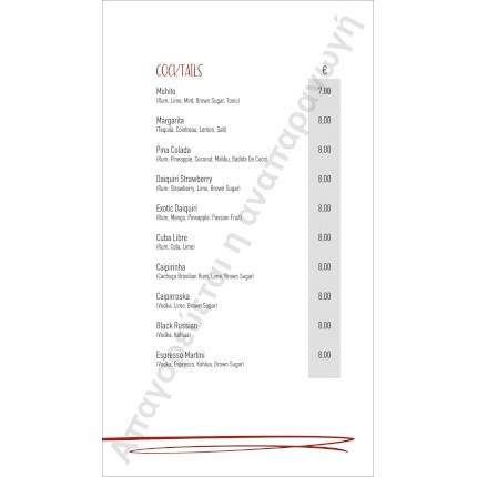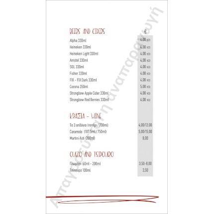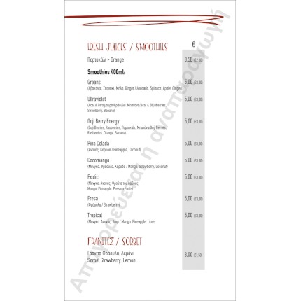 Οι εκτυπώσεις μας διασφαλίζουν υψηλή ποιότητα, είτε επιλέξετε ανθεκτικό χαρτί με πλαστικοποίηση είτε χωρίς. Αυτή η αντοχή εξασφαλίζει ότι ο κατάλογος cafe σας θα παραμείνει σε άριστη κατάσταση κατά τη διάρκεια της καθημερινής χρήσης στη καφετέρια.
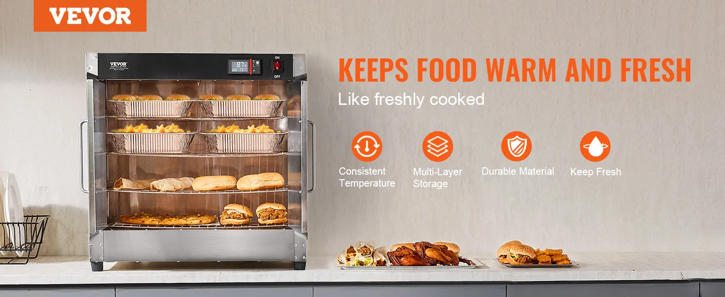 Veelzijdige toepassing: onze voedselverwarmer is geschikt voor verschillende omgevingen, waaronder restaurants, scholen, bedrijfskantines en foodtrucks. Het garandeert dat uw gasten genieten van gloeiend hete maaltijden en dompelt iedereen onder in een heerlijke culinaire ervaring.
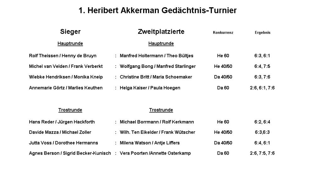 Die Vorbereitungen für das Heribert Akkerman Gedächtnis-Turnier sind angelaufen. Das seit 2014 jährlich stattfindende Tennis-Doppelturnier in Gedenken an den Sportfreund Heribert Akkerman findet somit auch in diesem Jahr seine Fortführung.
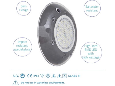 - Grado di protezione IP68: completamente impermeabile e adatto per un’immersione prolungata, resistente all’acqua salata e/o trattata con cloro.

YOUR ASSIGNMENT -> From the opening line of the listing above through the line bearing "Veelzijdige toepassing: onze", repeat each line exactly. Drop every picture.

ANSWER FOR THIS EXERCISE ->
 Οι εκτυπώσεις μας διασφαλίζουν υψηλή ποιότητα, είτε επιλέξετε ανθεκτικό χαρτί με πλαστικοποίηση είτε χωρίς. Αυτή η αντοχή εξασφαλίζει ότι ο κατάλογος cafe σας θα παραμείνει σε άριστη κατάσταση κατά τη διάρκεια της καθημερινής χρήσης στη καφετέρια.
 Veelzijdige toepassing: onze voedselverwarmer is geschikt voor verschillende omgevingen, waaronder restaurants, scholen, bedrijfskantines en foodtrucks. Het garandeert dat uw gasten genieten van gloeiend hete maaltijden en dompelt iedereen onder in een heerlijke culinaire ervaring.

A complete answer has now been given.